At its meeting in inclusive format, in Copenhagen on Friday 19 September, the Eurogroup reached agreement on a number of decision-making procedures relating to the digital euro project led by the European Central Bank (ECB).
“After much work, we found a broad consensus” on a balanced solution that fully respects “the mandate and the prerogatives of each institution involved”, said the President of the Eurogroup, Paschal Donohoe, who believes that this partial agreement proves ministers’ “determination” to move forward with the creation of a central bank digital currency for the euro area.

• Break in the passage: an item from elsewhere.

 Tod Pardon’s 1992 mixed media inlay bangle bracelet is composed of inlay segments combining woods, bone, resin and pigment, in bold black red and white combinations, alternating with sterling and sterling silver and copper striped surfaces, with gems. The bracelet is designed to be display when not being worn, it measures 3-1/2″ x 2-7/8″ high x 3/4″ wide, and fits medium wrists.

The Eurogroup agreement covers two elements. The first concerns the decision to launch the digital euro, after a test phase lasting a maximum of two years following the adoption of the specific legislative package, and in particular the date on which it will be issued. Before any decision is taken by the ECB, finance ministers will have the opportunity to discuss the deadline and take a position on the timetable, even if, in the mind of the Eurogroup, the question of the timetable touches on the fundamental issue of making the digital euro a reality.
The second element agreed on Friday concerns the procedure for setting a minimum and maximum limit for the portfolio of digital euros held by an individual or company established in the EU. According to Spanish Minister Carlos Cuerpos, a proposal from Slovakia has been accepted whereby Member States will be able to request a review of the limits every year.

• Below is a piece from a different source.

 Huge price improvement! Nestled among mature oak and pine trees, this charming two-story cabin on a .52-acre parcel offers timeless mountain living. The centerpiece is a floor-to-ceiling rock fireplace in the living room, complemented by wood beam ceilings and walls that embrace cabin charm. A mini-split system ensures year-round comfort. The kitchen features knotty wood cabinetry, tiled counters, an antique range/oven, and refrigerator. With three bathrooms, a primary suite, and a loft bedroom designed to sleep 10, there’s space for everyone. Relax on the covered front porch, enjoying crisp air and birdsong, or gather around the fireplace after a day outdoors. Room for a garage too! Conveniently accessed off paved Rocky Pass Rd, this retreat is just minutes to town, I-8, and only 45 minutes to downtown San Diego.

“We did not discuss a limit” for the digital euro portfolio, but a mechanism for deciding these issues, stressed ECB President, Christine Lagarde. She welcomed the solution found by the Eurogroup in a format involving countries outside the euro area. And she noted the impatience of the Member States for legislative work to progress as quickly in the European Parliament.
When a decision is taken on this issue, ministers are expected to ensure that the digital euro wallet allows payments to be made without competing with private bank current accounts.
According to Ms Lagarde, the solutions found respond to the “concerns” of those for whom the digital euro is “not just a means of payment”, but also a statement of the “sovereignty” of Europeans, through the Eurosystem’s ability to manage a cross-border infrastructure for payments in digital currency.
The Eurogroup agreement in enlarged format will be forwarded to the Danish Presidency of the EU Council so that it can be transcribed into legal language. It is responsible for leading negotiations on the legislative package that will establish the digital euro. In July, European finance ministers endorsed the Danish authorities’ objective of reaching a political agreement in principle (‘general approach’) by the end of the year (see EUROPE 13676/22).
The European Commissioner for Economy, Valdis Dombrovskis, said that “there is urgency to reach political agreement” in the Council.
Another issue still to be decided is the compensation model that will compensate banks for the costs inherent in setting up the infrastructure underlying the issue and management of the digital euro.
In the European Parliament, legislative work has been delayed, mainly due to the hesitations of the rapporteur, Fernando Navarrete Rojas (EPP, Spanish). This slowness was criticised by the S&D and Renew Europe groups (see EUROPE 13702/19).